Comparison of the grids and estimated MICs for the ‘I’-type and chequerboard datasets. Data size n = 520; each square contains 40 data points.
The actual MIC values of noisy linear, parabolic and sinusoidal correlations were difficult to determine, as shown in figure 3. We compared the three algorithms under the criterion that ‘with the same number of bins, the larger the MIC values, the better the grid’. The AppMIC algorithm was excluded from the comparison because of its excessive bins (all reached 2 × 21 for data size n = 500 and B(n, α) = 42; figure 3a, d and g). A comparison of the MIC values of the three functional correlations obtained by the ChiMIC and BackMIC algorithms revealed that the latter always achieved higher MIC values with the same or fewer number of bins than the former. Thus, the grid and estimated MICs obtained by the BackMIC algorithm were more reasonable than those by the ChiMIC algorithm; no axis was equipartitioned.
Figure 3.
Comparison of the grids and estimated MICs for linear (a–c), parabolic (d–f) and sinusoidal (g–i) correlations. The data points are simulated from Y = f(X) + ζ, where f(X) = X, 4(X − 0.5)2 and sin(4πX), respectively. X and ζ are random variables drawn uniformly from (0, 1) and (−0.3, 0.3), respectively; data size n = 500.
2.3. Comparison of robustness
The correlation strength of a given variable pair should be certain.
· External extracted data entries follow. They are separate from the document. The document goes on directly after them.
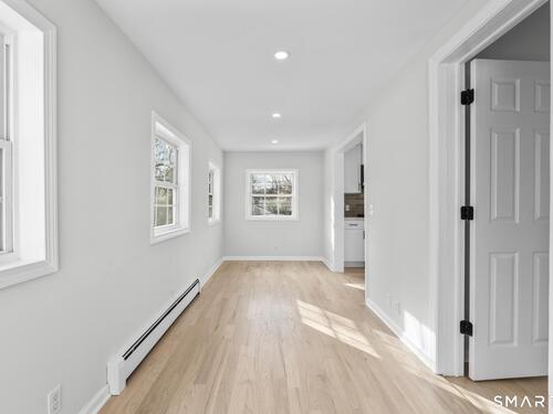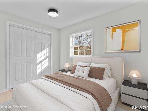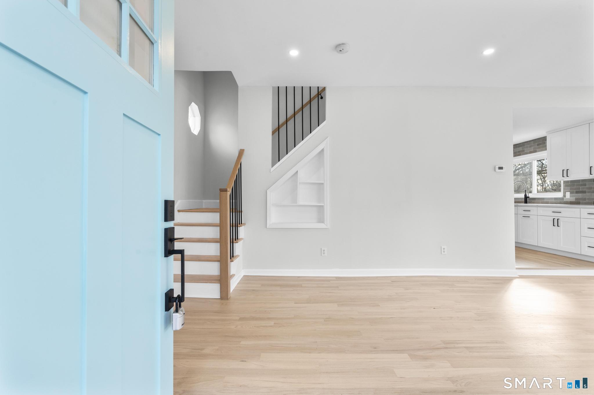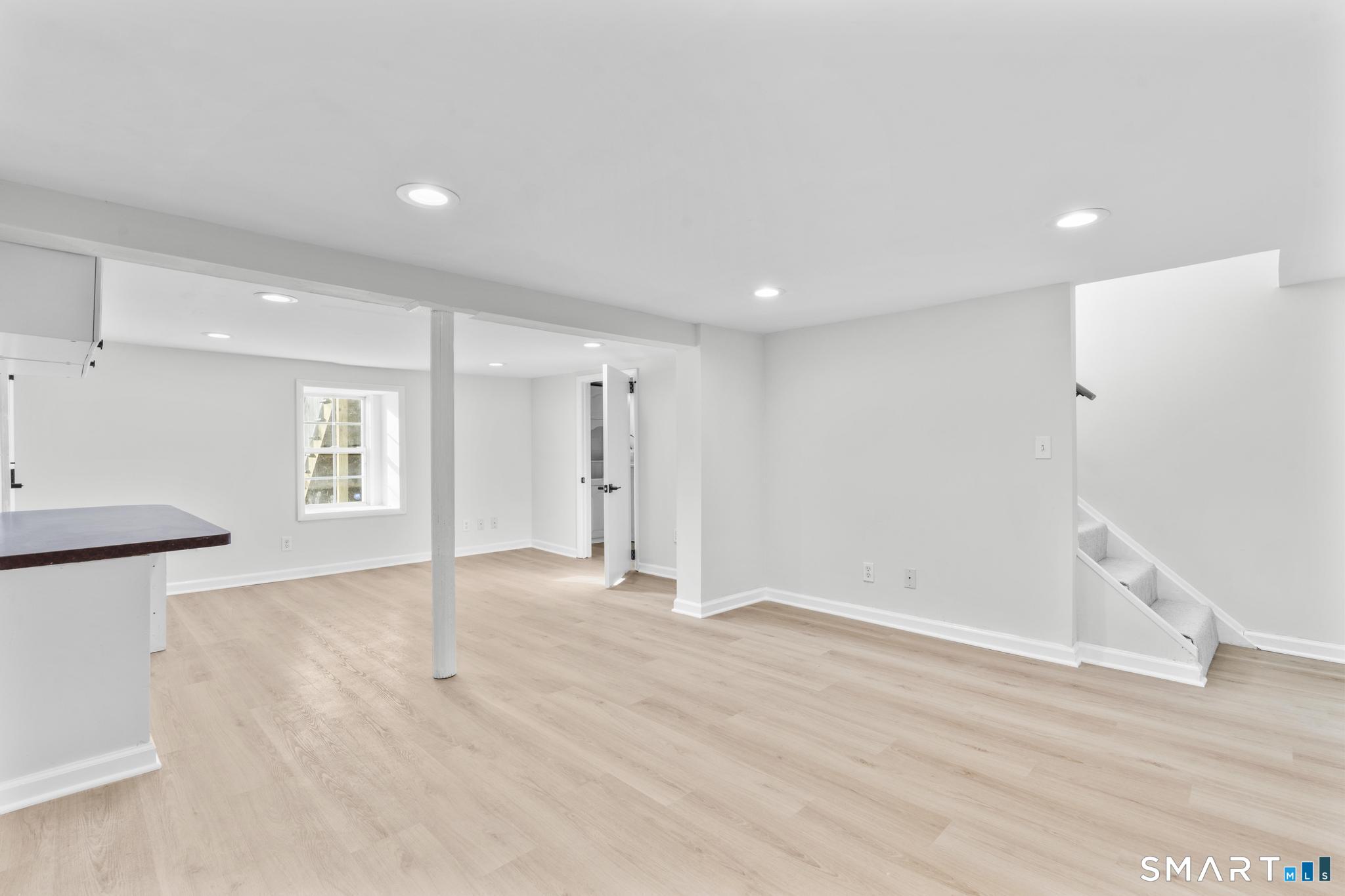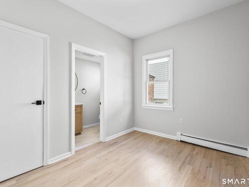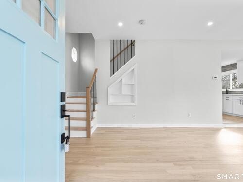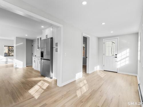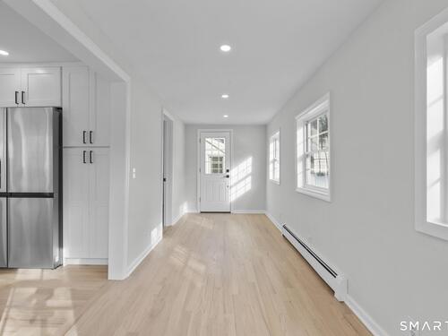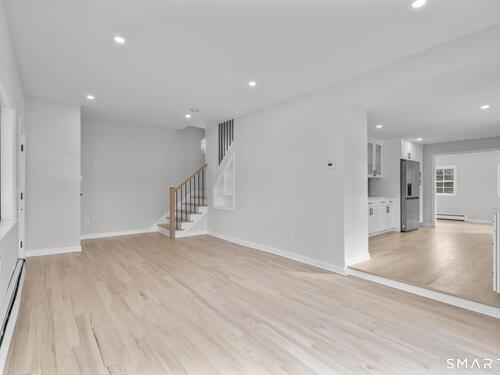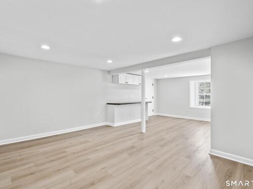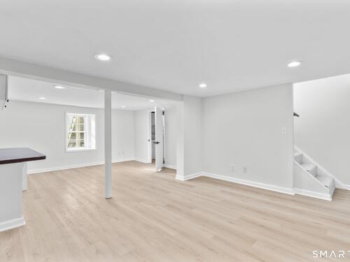 Welcome to this fully renovated 4 bedroom, 2 bath Colonial ideally located in the heart of Springdale. A charming front porch with a sleek standing seam metal roof creates a striking first impression and leads into a bright, oversized living room filled with natural light. An oversized sliding glass door opens to a brand new Trex style deck overlooking the backyard, creating a seamless flow for indoor and outdoor living. The stunning modern kitchen features shaker cabinetry w/ soft close drawers, quartz countertops, stainless steel appliances - a clean, timeless design. Adjacent to the kitchen is a dedicated dining area, along w/ a versatile 1st floor bedroom and/or home office w/ a beautifully renovated full bath featuring a stylish walk in shower. Upstairs, a luxurious primary suite offers vaulted ceilings & a spacious walk in closet. Two additional bedrooms and a brand new hall bath complete w/ a dual vanity, soaking tub, & sophisticated finishes. The lower level provides excellent flex space perfect for a den or playroom, with direct walk out access to the backyard. A well appointed laundry area with folding station, abundant basement storage, and additional attic storage enhance the home's functionality. Natural gas, city water, and city sewer, perfectly positioned on a quiet street just minutes from the Springdale train station, local shops, restaurants, downtown Stamford, and convenient access to both I95 and the Merritt Parkway. Modern living at its finest!
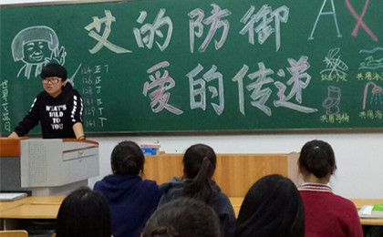 首先,陈晓颖同学带领大家做了双手高抬并对拍这样一个活跃现场气氛的动作,呼吁同学们加强自身艾滋病防治意识。接着,陈晓颖同学就如何关心和帮助艾滋病病人作出阐述:作为中医学子,作为护理人员,我们要深切地关怀艾滋病患者,不歧视,不忽略,尽自己所能帮助他们得到身体和心灵的慰藉。其次,陈同学组织大家以宿舍为单位进行知识抢答,借此形式向大家传播有关艾滋病的知识。最终,124宿舍获得“最佳答题宿舍”称号。最后,陈同学向大家推荐了一首歌《你好,艾滋病》,让同学们感受到了人间的真情。
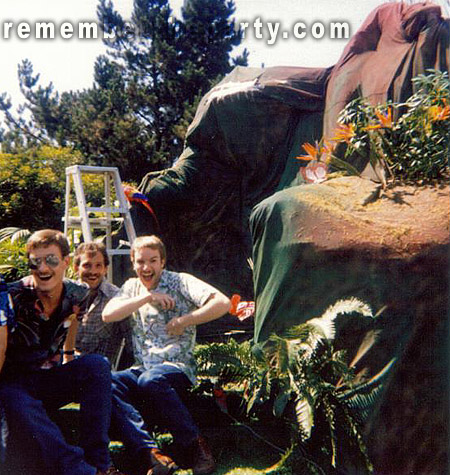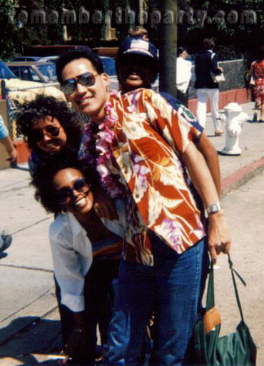 Aloha Records' float 1982. Staff members Tom M. and Steven P. (The Tauntress!) and Mark M, were Keefe's co-workers as well as his good friends. You would often see this group of Aloha Records staff members partying at the Trocadero with their lovely friend and other co-worker Miss Karen. Anyone who was lucky enough to share a festive moment during morning music at the Troc with this group would soon discover that Miss Karen's tasteful, designer handbag held secrets to enhance the morning music experience. As K.C. would say, "They're a must!"
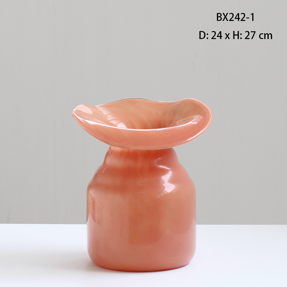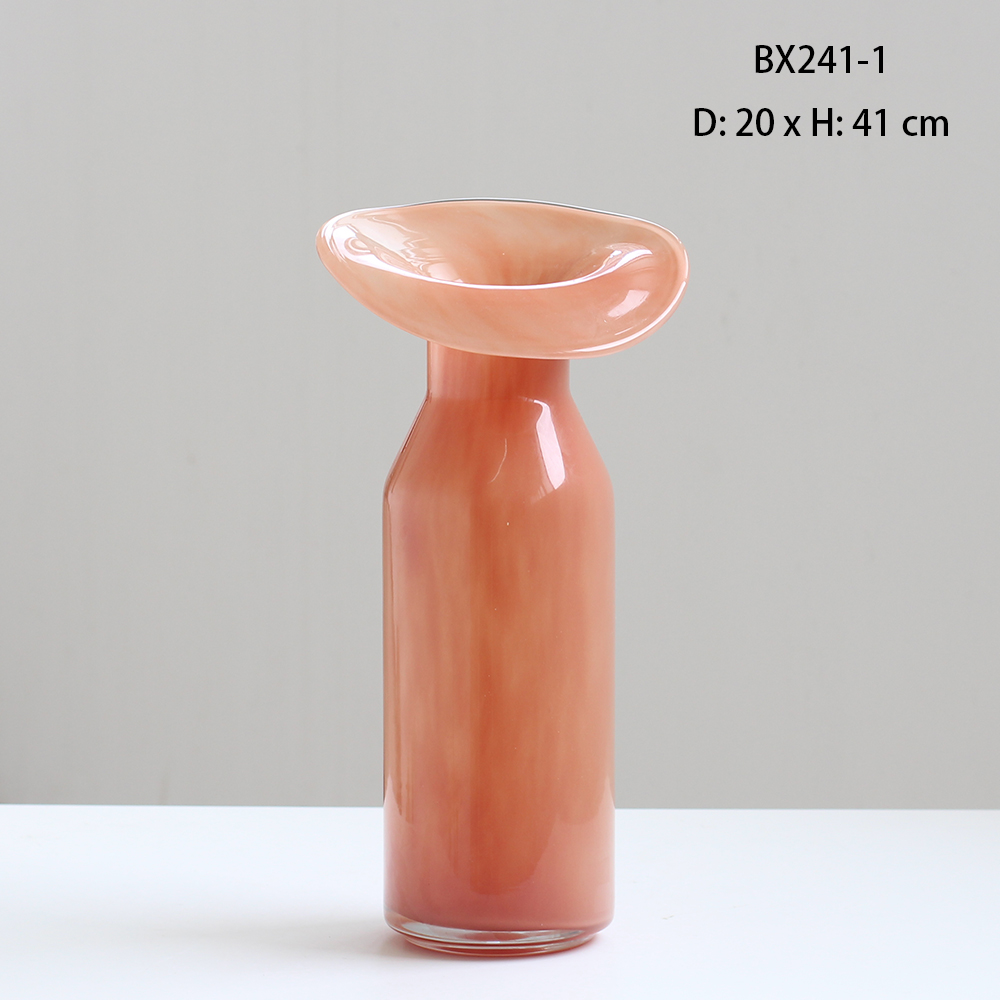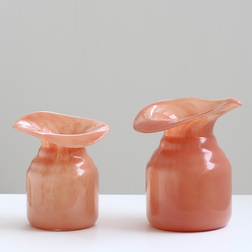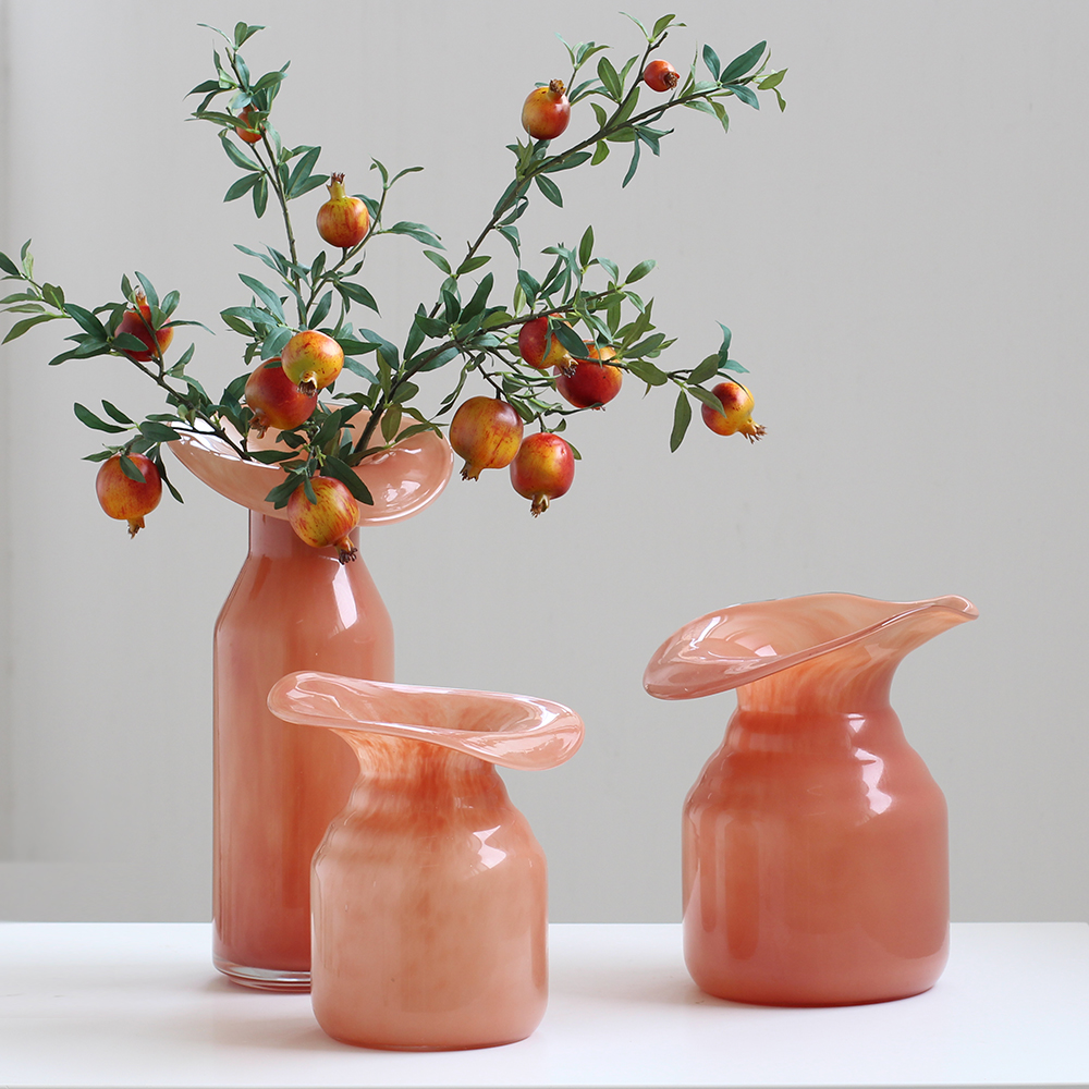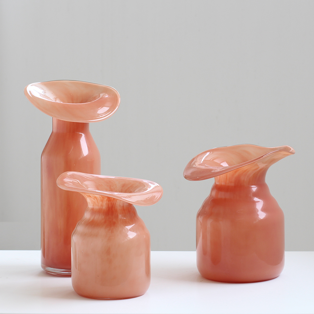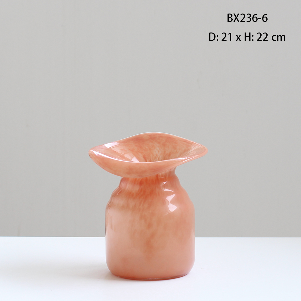 粉色磁粉黑边口玻璃花瓶花器水培花插工艺品
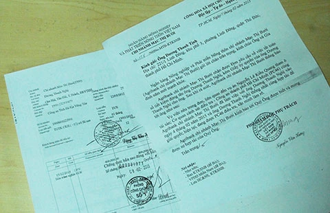 Sổ tiết kiệm 400.000 euro của ông Nghị và công văn trả lời của Ngân hàng Agribank Chi nhánh Mạc Thị Bưởi. Ảnh: HTD
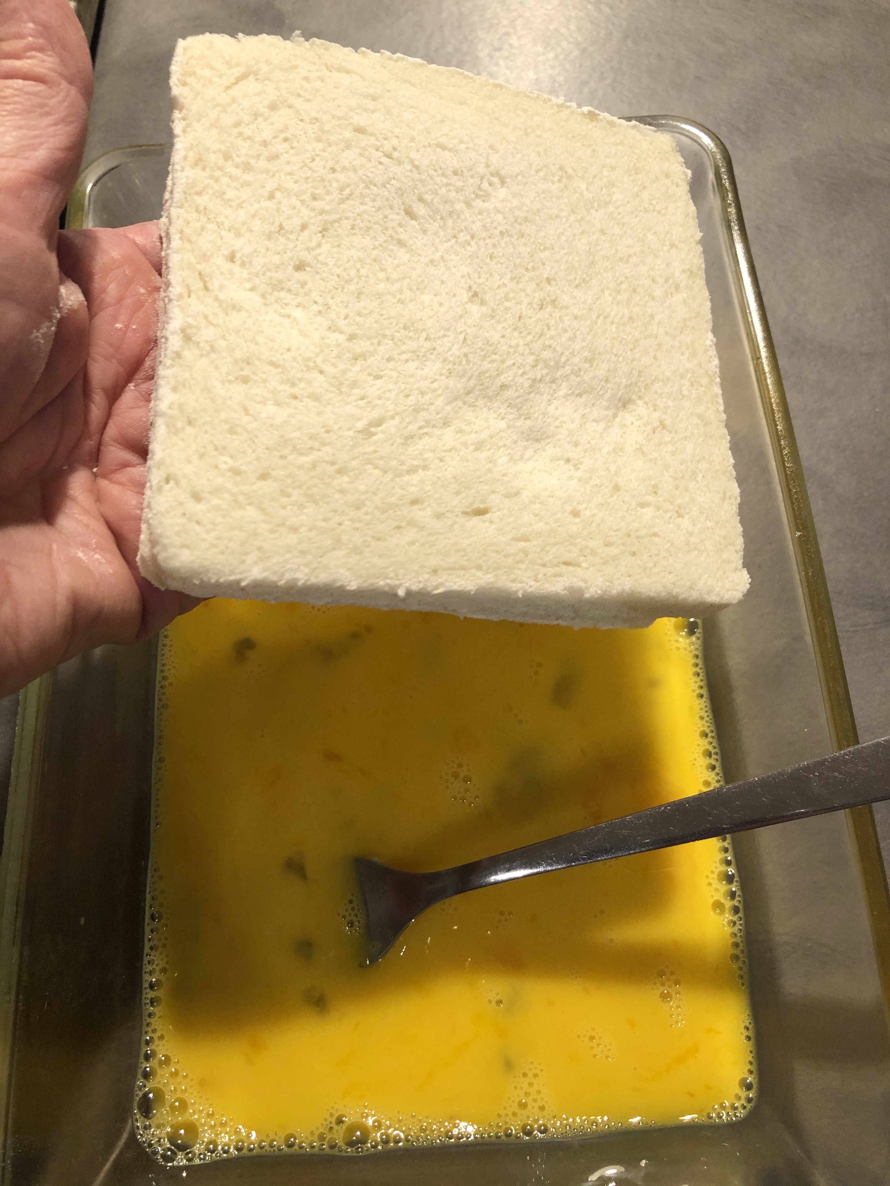 Immergo il tramezzino nell’uovo battuto finché é coperto completamente senza però lasciarle troppo

However, as shown in figure 4, AppMICs varied with the change of α in B(n, α) for noisy linear, parabolic and sinusoidal correlations, because more bins generally result in larger MIC values. BackMICs remained almost constant because the χ2-test was used instead of B(n, α) to terminate grid optimization. Therefore, the BackMIC algorithm was more robust in measuring the correlation between variables than the AppMIC algorithm. The variation in ChiMICs was not obvious either; however, ChiMICs were always lower than BackMICs due to the equipartition restriction and harsh normalization term in the ChiMIC algorithm.
Figure 4.
Comparison of AppMIC, ChiMIC and BackMIC for linear, parabolic and sinusoidal correlations at different α in B(n, α). R2 in ‘noise’ is the squared Pearson correlation coefficient of f(X) and Y, where f(X) is the same as in figure 3 and Y = f(X) + ζ. For linear and parabolic correlations, ζ is drawn uniformly at noise levels 0.2, 0.35 and 0.5, respectively; for sinusoidal correlation, ζ is drawn uniformly at noise levels 0.6, 0.9 and 1.2, respectively. The MIC values were the average of 500 repetitions with data size n = 500.
2.4. Comparison of statistical power
Statistical power refers to the probability of correctly accepting the alternative hypothesis in the hypothesis test [14]. As the statistical power increases, the probability of making type II error decreases [15,16].
For the null hypothesis of statistical independence, for each dataset, statistical power is computed on the dependent variable pairs as well as on independent variable pairs; the statistical power of each statistic is defined as the fraction of dependent variable pairs yielding a statistic value greater than 95% (significance level is 0.05) of the values yielded by the independent variable pairs [13]. The statistical power of AppMIC, ChiMIC and BackMIC for the above five functional correlations (figures 2 and 3) at different noise amplitudes is shown in figure 5. The power of BackMIC was significantly higher than those of AppMIC and ChiMIC.
Figure 5.
Statistical power of AppMIC, ChiMIC and BackMIC at different noise amplitudes. The statistical power was estimated via 500 simulations with data size n = 500.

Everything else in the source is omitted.